◆ Items listed in a dataset:
____
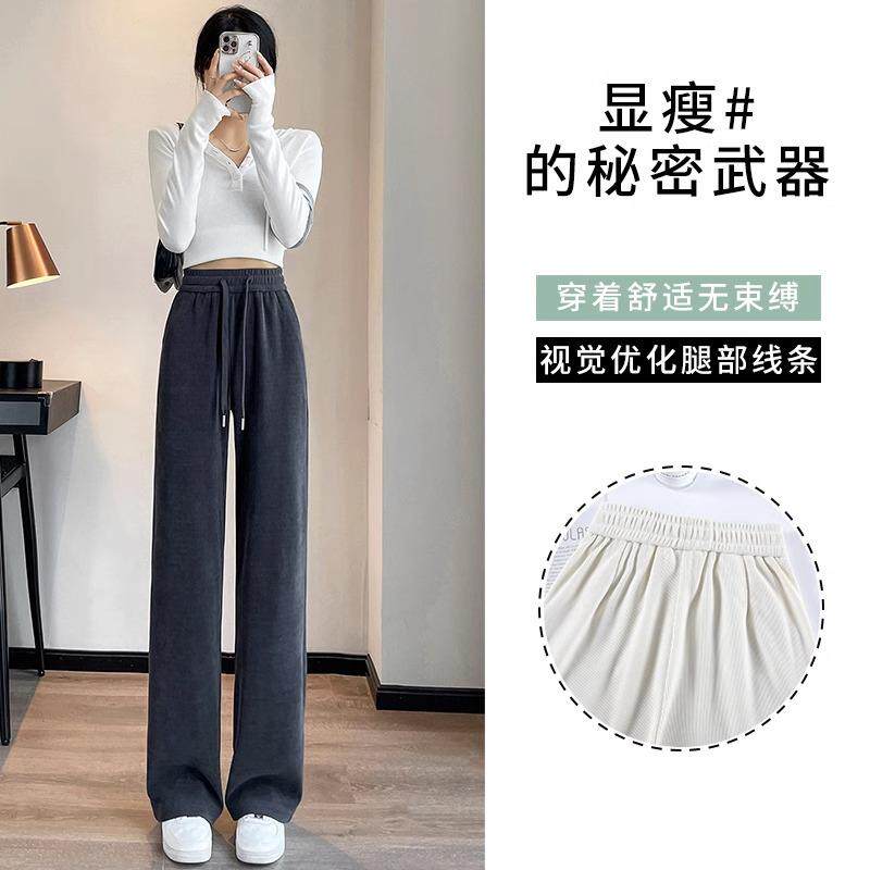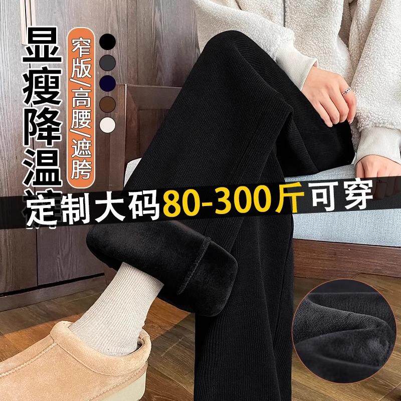 子 女秋冬加绒高腰遮垮显瘦灯芯绒裤 胖mm300斤特大码 雪尼尔阔腿裤
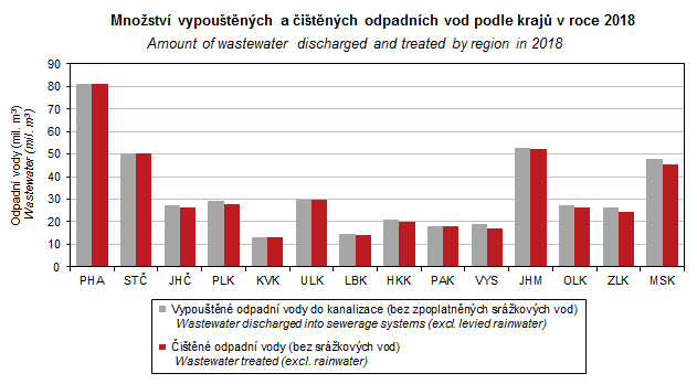 Graf 7. Množství vypouštěných a čištěných odpadních vod podle krajů v roce 2018
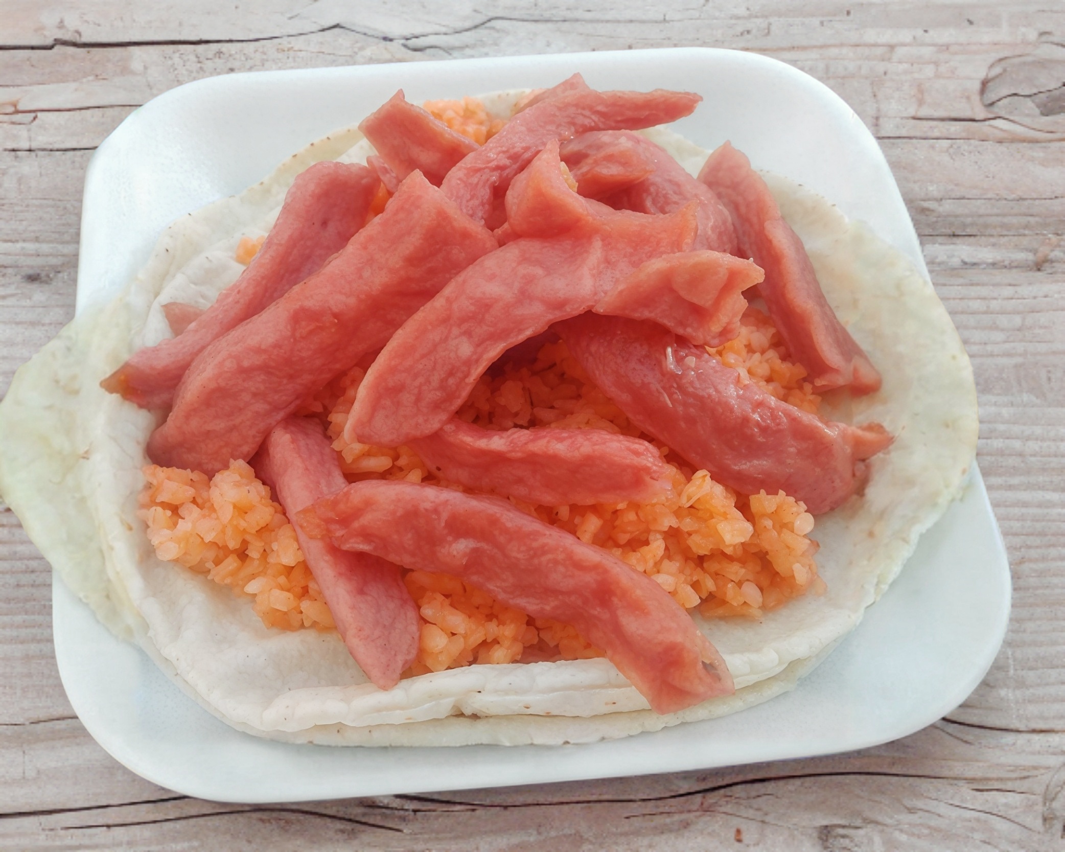 Taco acorazado con arroz, salchicha frita, salsa o rajas
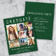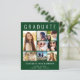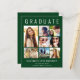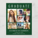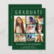 Anúncio de graduação verde moderno, elegante e acessível e convite de festas com "FORMANDO" no topo em letras brancas grandes, uma colagem de sete fotos e seu nome, ano de aula e escola em uma simples tipografia branca. No verso, adicione os detalhes da festa de formatura.
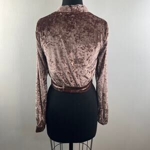 Lovers + Friends Brown Floyd Velvet Top Deep V-Neck Cropped Long Sleeve Size S
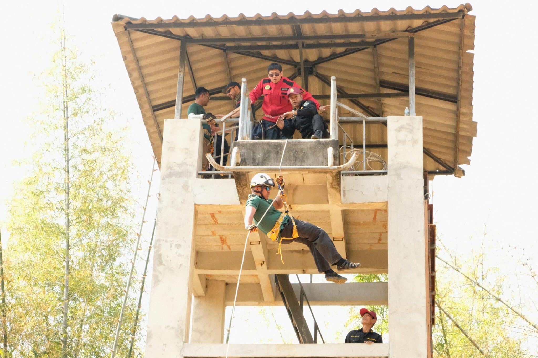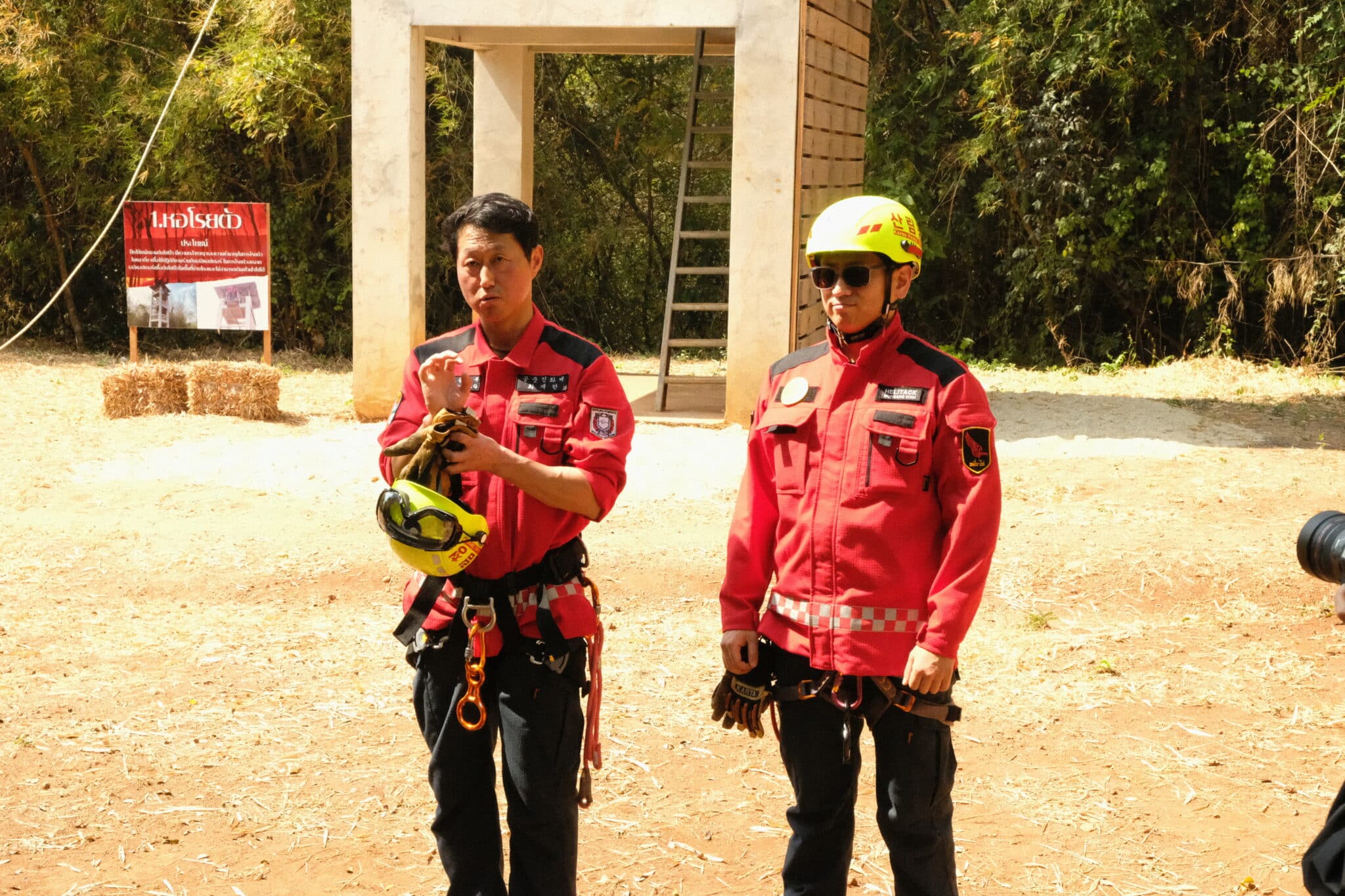 Rappelling Exercise: Participants also underwent rappelling training, simulating aerial deployment techniques used by aerial firefighter of Korea Forest Service. Using harnesses and ropes, trainees descended from a 15-meter training tower, practicing swift and controlled landings to access fire-prone areas efficiently. This technique ensures that firefighters can be rapidly and safely deployed to exact forest fire locations, increasing the effectiveness of suppression operations. The exercise emphasized precision, safety, and adaptability in difficult terrain conditions, preparing participants for real-life forest fire response scenarios.
____
◆ Required action:
Only exact lines belong in the answer: those from the beginning of the entries above through the line holding "Taco acorazado con", with no pictures.

◆ Answer for the task:
 子 女秋冬加绒高腰遮垮显瘦灯芯绒裤 胖mm300斤特大码 雪尼尔阔腿裤
 Graf 7. Množství vypouštěných a čištěných odpadních vod podle krajů v roce 2018
 Taco acorazado con arroz, salchicha frita, salsa o rajas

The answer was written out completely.